Le Coup du cavalier
de Andrea Camilleri

critiqué par Darius, le 5 juin 2003
(Bruxelles - - ans)


La note:  étoiles
Mensonge, sexe et corruption
"Le coup du cavalier n’est qu'une tentative d'expliquer les relations entre la politique, la mafia et un honnête citoyen. Malheureusement, en Italie, les critiques n'ont pas saisi l'intention politique de ce roman"
Voilà ce qu'affirmait l'auteur dans une interview au Magazine Littéraire en février 2000.
Ce livre part d’un écrit publié en 1876 par Leopoldo Franchetti, récit qui relate l’arrestation d’un inspecteur des moulins. Ce dernier, tentant d'exécuter son travail le plus consciencieusement possible, se retrouve témoin d’un assassinat et en devient le suspect numéro 1.
A partir de ce récit, l’auteur crée toute une série de personnages liés entre eux par quelque secret, quelque passe-droit, quelque tromperie, depuis des représentants de la police, de l’armée, du ministère des Finances, de la Justice, de la magistrature, des avocats, de l'évêché, du monde politique, de la presse..
Seul, le Procureur du Roi décide d’investiguer l’affaire mise à jour par l’inspecteur Giovanni Bovara, le héros du livre.
Mal lui en prendra, il se fera muter.
On ne peut que s’étonner que les critiques italiens n'aient pas saisi d'emblée le message de l’auteur, à savoir une corruption profonde des institutions italiennes où chaque protagoniste, de petite lâcheté en petite lâcheté arrive à gangrener l’Etat et à lui faire perdre des millions pour le plus grand profit de quelques-uns.
Petite conversation à l’appui "Tu sais très bien quelle part a eu X à mon entrée dans l’arène politique : si j'ai pu y descendre, je le dois à la générosité concrète de X. Et si tu as le poste que tu as, tu le dois à mon appui. C’est comme une chaîne de Saint-Antoine, dangereuse à interrompre".
Cette histoire fictive reflète bien une réalité tangible et décortique toutes les motivations des gens, toutes classes sociales confondues, pour les amener à ces petits mensonges pour préserver leur petite tranquillité et leurs petit confort, ces petites lâchetés mineures qui, mises bout à bout, lèsent profondément la société tout entière, minent la confiance des citoyens dans les institutions et finalement coûtent extrêmement chers à l’Etat.
Ce n’est pas le citoyen belge "éclairé" qui le démentira…
vigata 1887 10 étoiles

Une histoire de moulins, bien loin de l'univers douillet d'Alphonse Daudet. On est en Sicile, à Vigata, ville imaginaire qui abrite l'œuvre littéraire d'Andrea Camilleri.

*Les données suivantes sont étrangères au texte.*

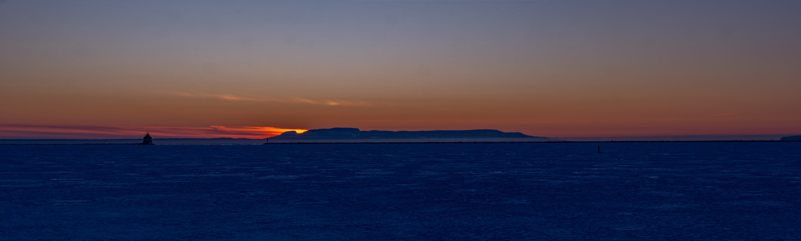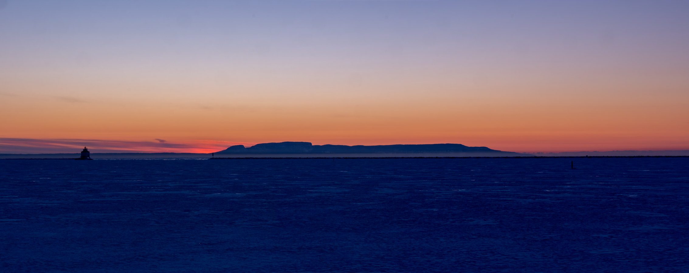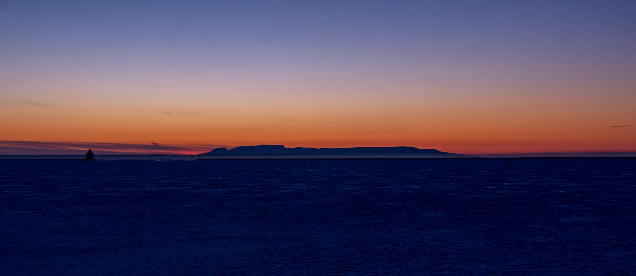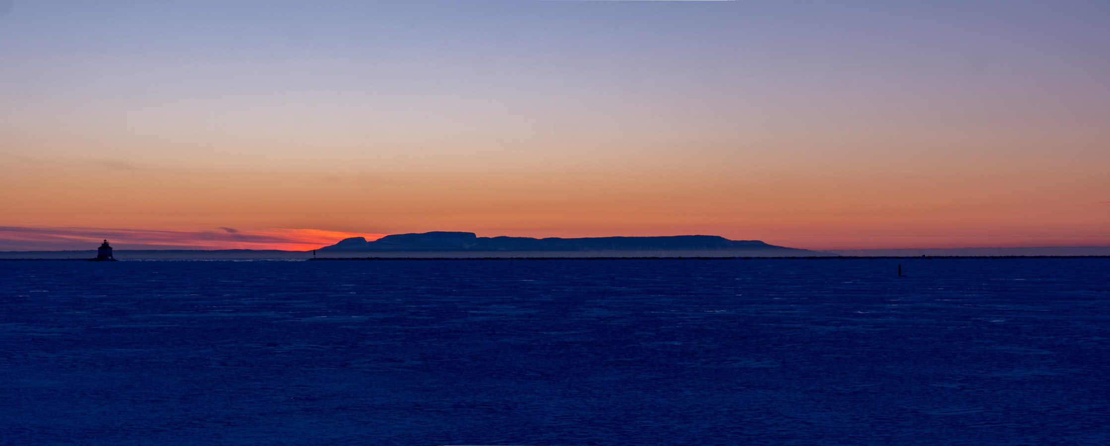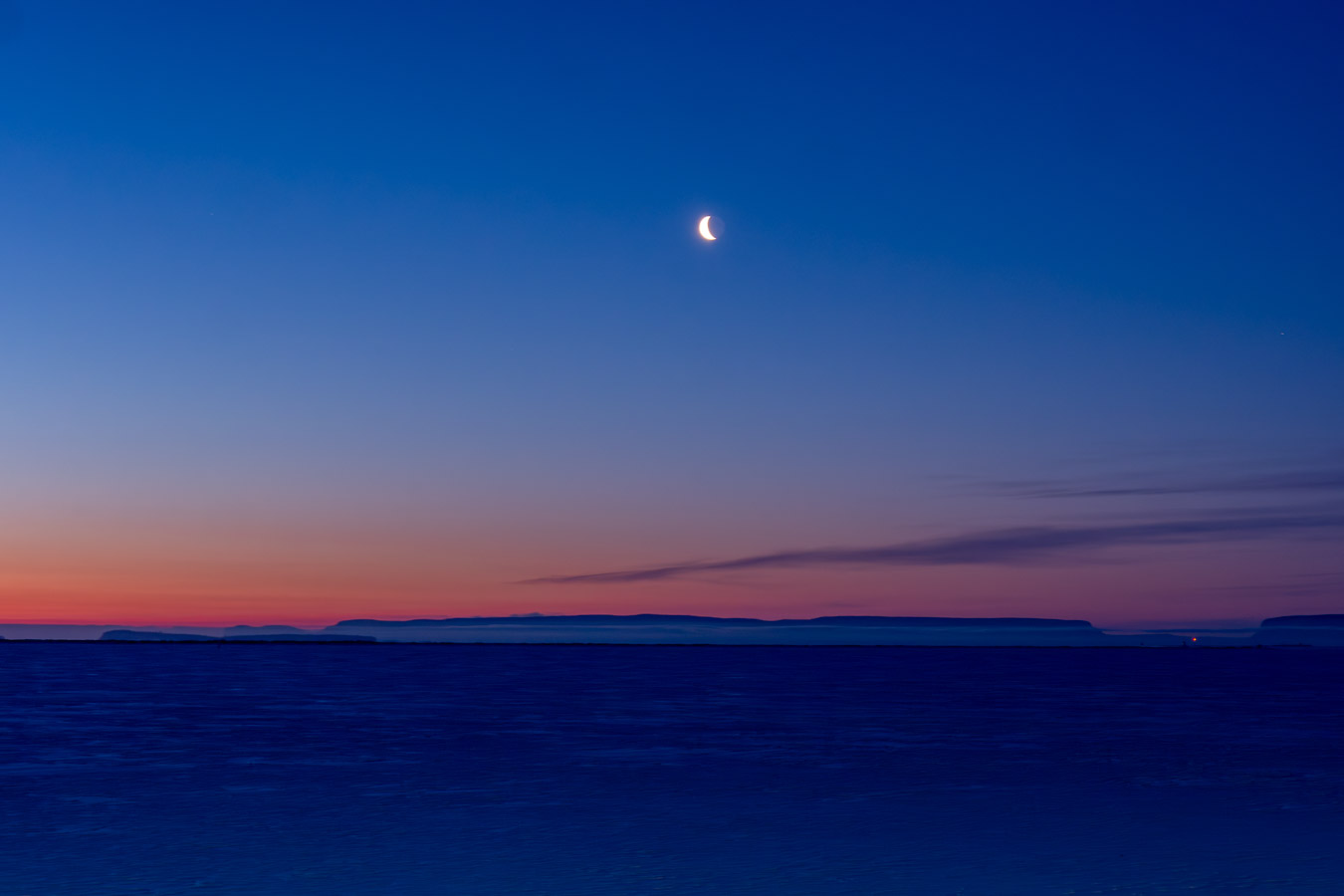 Clear but there are some clouds along the horizon. Nice colour there.
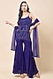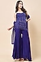 Featuring a blue kurta in net base with hand embroidery. It is paired crepe gharara pants and a net dupatta. Accentuate it with statement earrings and heels, perfect for intimate get-togethers, rakhi celebrations, or low-key festive evenings.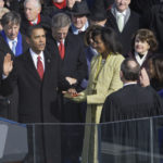 Barack Obama, left, joined by his wife Michelle, second from left, and daughters Sasha, third from left, and Malia, takes the oath of office from Chief Justice John Roberts to become the 44th president of the United States at the U.S. Capitol in Washington, Tuesday, Jan. 20, 2009.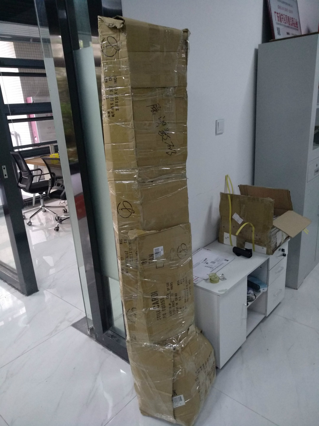 先是原先送货的那家物流公司,那家公司的快递员上门后,我们才发现没有包装盒。原先那个包装盒哪里去了呢?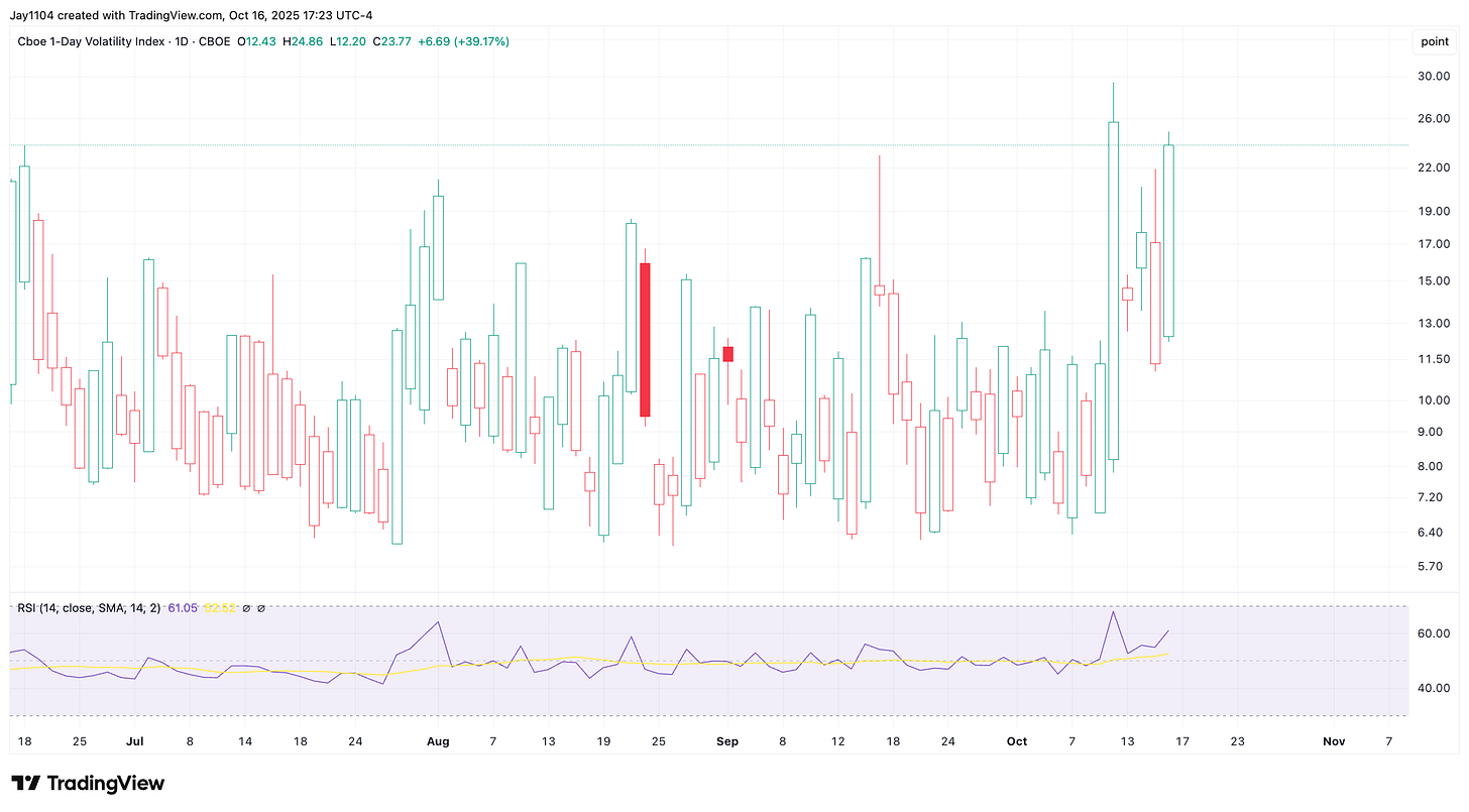 The S&P 500 fell by roughly 60 basis points today, but the volatility complex behaved as if the market had plunged much more sharply. The VIX-1D surged nearly 40% to 23.7 — implying a 1.5% expected move for tomorrow when divided by the rule of 16 — yet that magnitude wasn’t reflected in the index itself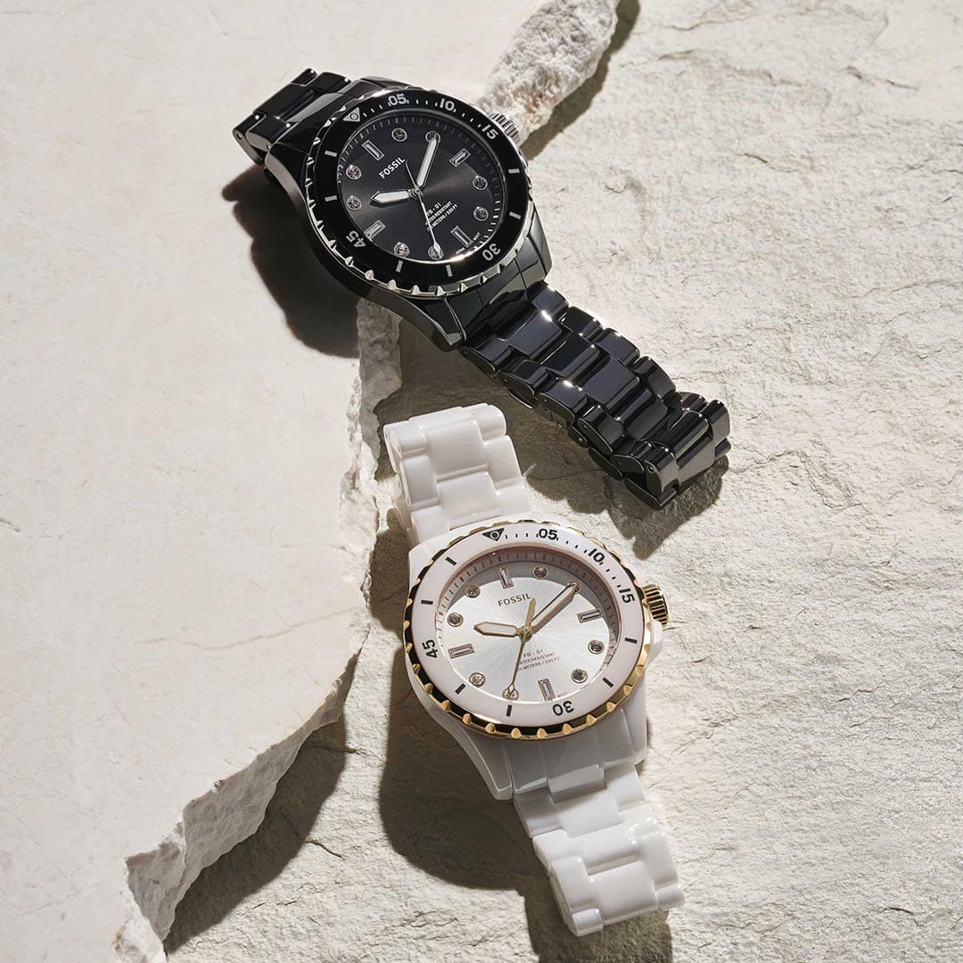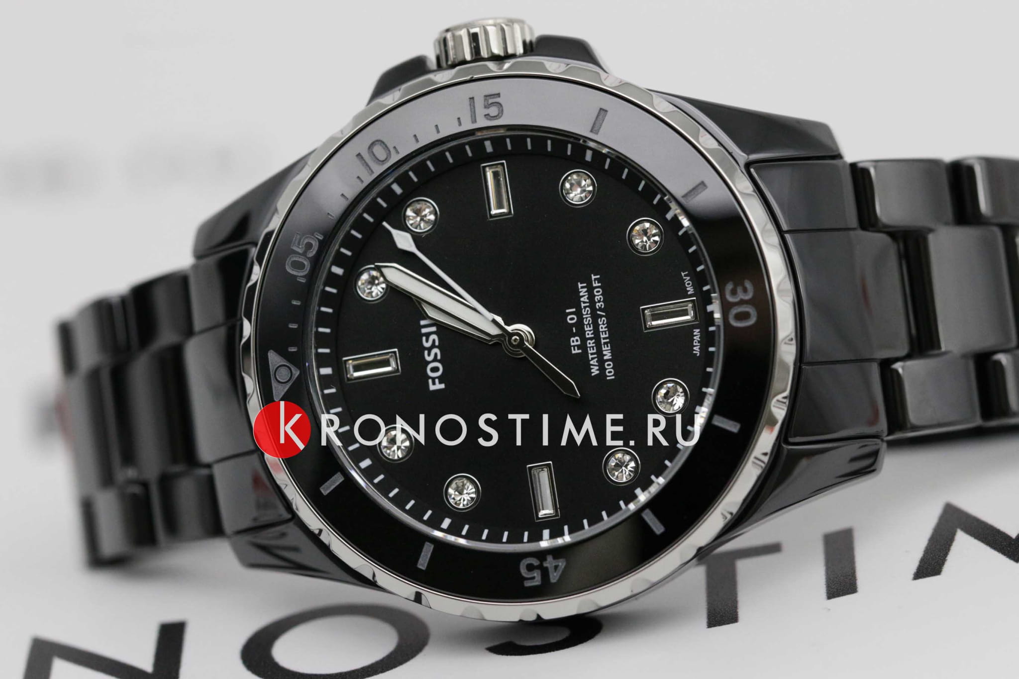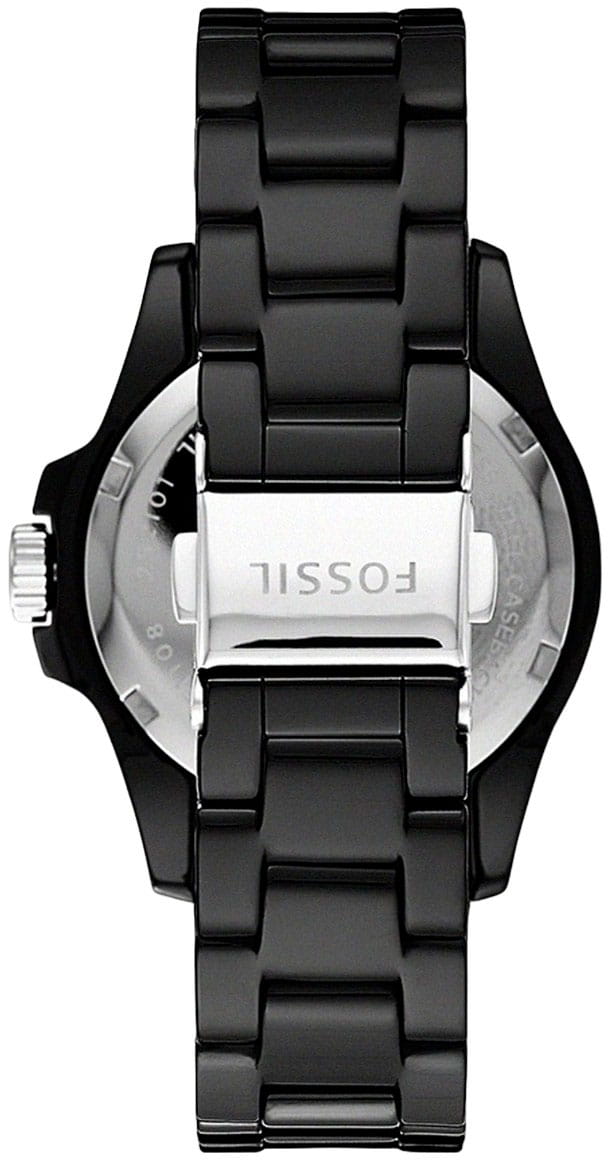 Женские наручные часы с кристаллами Fossil FB-01 CE1108, кварцевый механизм с высокой точностью. Класс водозащиты: 100 метров, позволит плавать, нырять и заниматься другими водными видами спорта. Стрелки с люминесцентным покрытиемЛюминесцентное покрытиеПозволяет считывать показания времени в темноте. Производители наносят на стрелки, часовые индексы, безель или поверхность циферблата светонакопительный состав, дающий холодное свечение.. Циферблат украшен кристаллами. Корпус часов изготовлен из стали с IP-покрытиемIP-покрытиеМетод ионного напыления. Демонстрирует повышенную устойчивость к истиранию, окислению и химическим веществам. Под воздействием высокого давления и температуры около 1500°C молекулы металла надёжно соединяются с частицами корпуса часов.. Керамический браслет с раскладной застёжкойРаскладная застёжкаТакой тип застёжки используется только на браслетах из металла. Она никогда не раскрывается полностью, происходит разделение на 2 и более частей. Раскладывающая застёжка снизит вероятность потери часов к минимуму..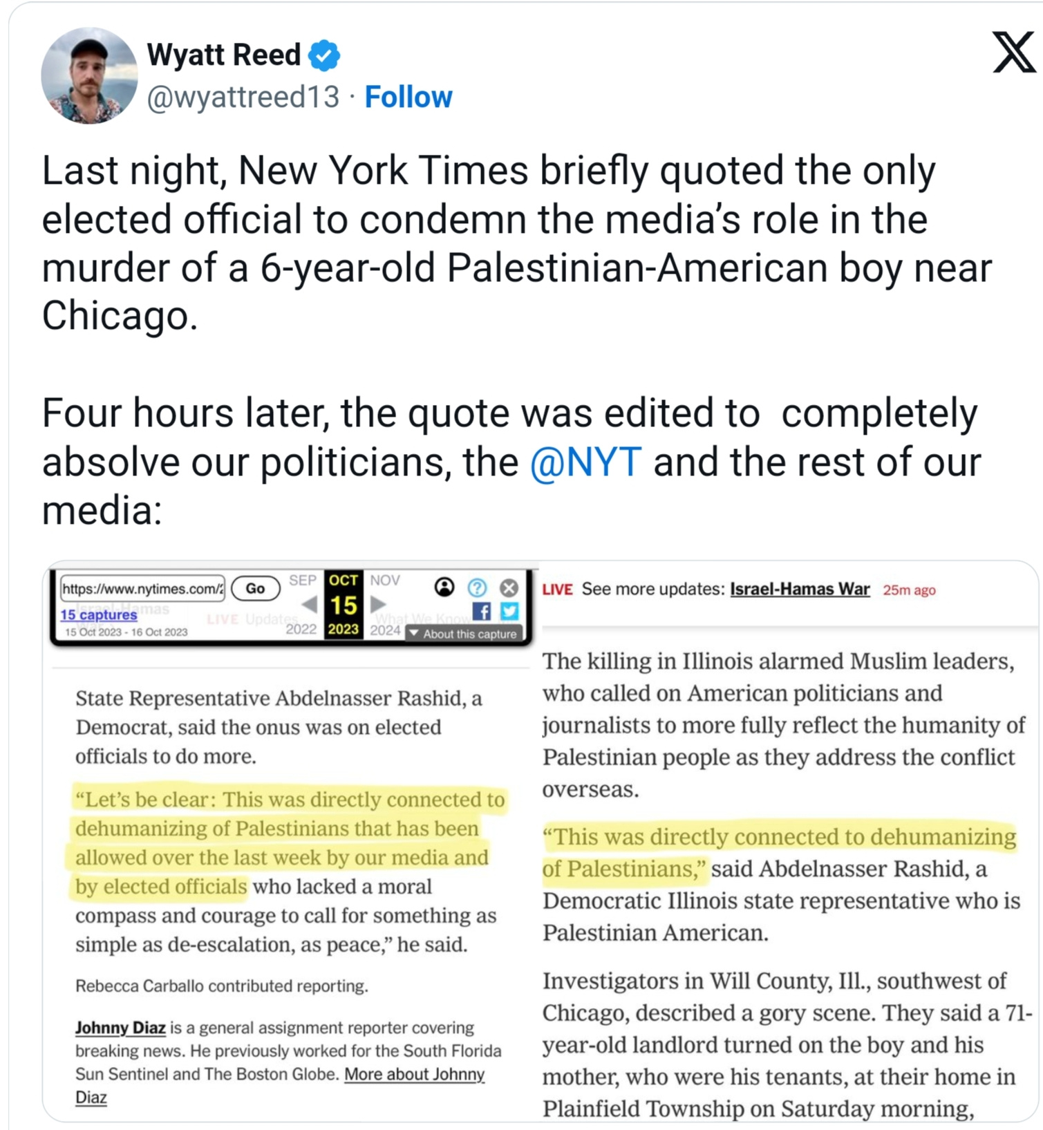 نیویورک تایمز به طور مخفیانه یک نقل قول از یک قانونگذار فلسطینی آمریکایی را که در آن نقش سیاستمداران و سازمان های رسانه ای جریان اصلی مانند نیویورک تایمز محکوم شده بود را ویرایش کرد این قانونگزار آنها را مسئول مرگ وحشتناک یک کودک مسلمان با چاقو در خارج از شیکاگو می دانست.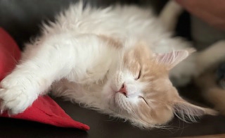 Ich mag meinen Dosenöffner. Nachmittags halten wir immer ein Nickerchen auf dem Sofa.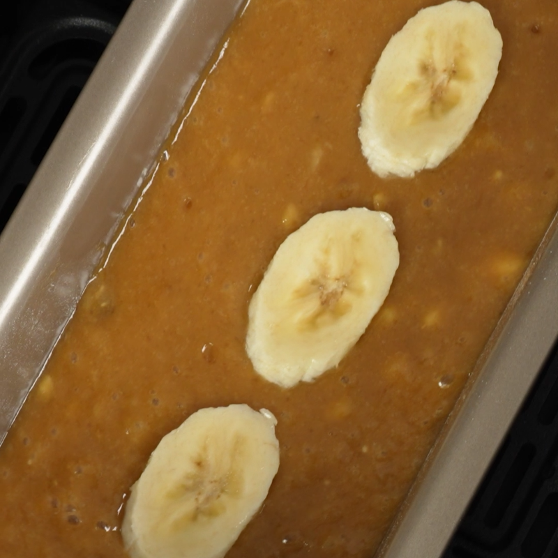 Giet het mengsel in de voorbereide broodvorm en leg wat plakjes banaan bovenop het beslag ter decoratie. Druppel een beetje honing over de banaan. (Optioneel)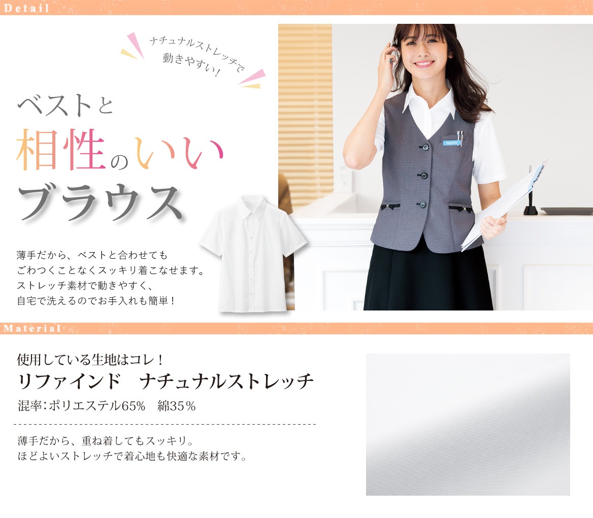 ベストと相性の良い!ナチュナルストレッチで動きやすい薄手の半袖ブラウス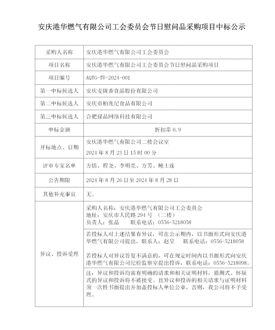 安慶港華燃氣有限公司工會委員會節(jié)日慰問品采購項目中標(biāo)公示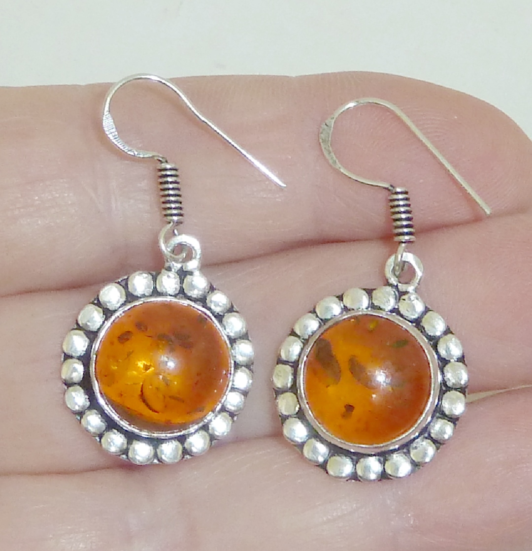 SHIP OR PICKUP ~ Lovely Amber stone dangle earrings for pierced ears, marked 925 on the backsides. I believe these are Amber, pretty domed stones. Ready to wear pretty jewelry that will go with every outfit.

Mais, contrairement aux aventures du fameux commissaire Montalbano, nous voilà plongés dans un dix-neuvième siècle finissant, où l'île vit encore dans un régime semi-féodal. Quelques puissants jouissent de leurs privilèges, au nez et à la barbe d'une administration impuissante et largement corrompue. Ceux qui tentent de braver les règles établies par la "tradition" sont voués inéluctablement à la mort. Tel est le sort qui guette notre jeune et brave inspecteur des moulins, récemment débarqué de sa Gênes adoptive, et enfin de retour sur son île natale. Il va devoir jouer une partie serrée, avec le soutien d'un juge lui-même sur le point d'être "débarqué". À deux doigts de l'échec, il va tenter un dernier coup, qui enverra tous ses ennemis au tapis. La partie dure six semaines, et on ne se lasse pas de suivre pas à pas les coups échangés. Truffé de particularismes de langage propres au sicilien et au génois, admirablement rendus par Serge Quadruppani (qui a dû se faire aider pour l'occasion), ce roman policier hors du commun se dévore tout cru. On comprend comment la mafia a pu germer sur un tel terreau...

Jfp - La Selle en Hermoy (Loiret) - 76 ans - 9 mars 2013


L'hydre tentaculaire 6 étoiles

A. CAMILLERI nous illustre le mode de fonctionnement mafieux dans un contexte qui n'a pas dû trop déranger puisque situé fin 19ème. Il utilise là encore, comme dans LA CONCESSION DU TELEPHONE, un procédé d'échanges épistolaires pour faire progresser l'action. Celui ci me semble inégal par rapport aux CAMILLERI qui viendront après. Peut être aussi S. QUADDRUPANI n'avait-il pas encore réglé les problèmes de traduction posés par les parties apparemment écrites en Sicilien dans l'original. Il y parviendra mieux, me semble-t-il, ultérieurement.